At the same time, a regulatory push away from complexity to more simple products and banks’ search for cost efficiencies against a backdrop of subdued revenue growth have resulted in fewer, simpler, more similar products, putting the onus on price and execution.

Meanwhile technology is making consumers more informed with 77 per cent of home lending applications starting with online research according to Google. The resurgence of brokers is further reducing information asymmetry.

Manning contends there’s been another less talked about change, namely attracting deposits.
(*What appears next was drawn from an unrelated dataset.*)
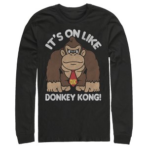 Get your game on with the Nintendo Donkey Kong Fist Pump Men's Long Sleeve! everyone's favorite gorilla, is printed on the front of this cool long sleeve, with the phrase "It's on like Donkey Kong!" printed around him.
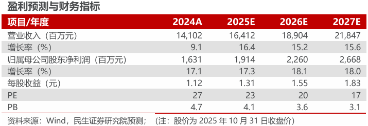 2025年10月31日,公司发布2025年三季报,2025年前三季度公司实现收入129.14亿元,同比增加18.82%;归母净利润14.70亿元,同比增加15.78%;扣非归母净利润14.10亿元,同比增加17.57%。单Q3情况来看,公司25Q3实现收入45.67亿元,同比增加25.54%;归母净利润5.06亿元,同比增加18.95%;扣非归母净利润4.84亿元,同比增加17.02%。盈利能力方面,公司25Q3实现毛利率35.35%,同比减少0.59pct,环比增加0.69pct;实现净利率14.63%,同比减少1.03pcts;环比减少2.20ptcs。创新研发持续投入,2025年前三季度研发投入6.27亿元,同比增长17.2%,研发投入总额占营业收入比例4.85%。

It used to be that bank branches were the main entry point for deposits from which a bank could pitch its mortgage offering.

“In our view, this relationship has now rotated 180 degrees with a standardised mortgage offering now bringing in the deposit flow attached, thereby once again putting into question the relationship between established branch presence and deposit gathering capability,” he said.

Manning cited research by Bain & Company that showed 80 per cent of companies believe they provide a superior proposition but only eight of per cent of companies’ customers agree.

“With the major banks having net promoter scores close to zero historically, we would argue that banks are struggling to figure out how to use the rapidly changing technology and customer landscape to provide value to customers,” he said.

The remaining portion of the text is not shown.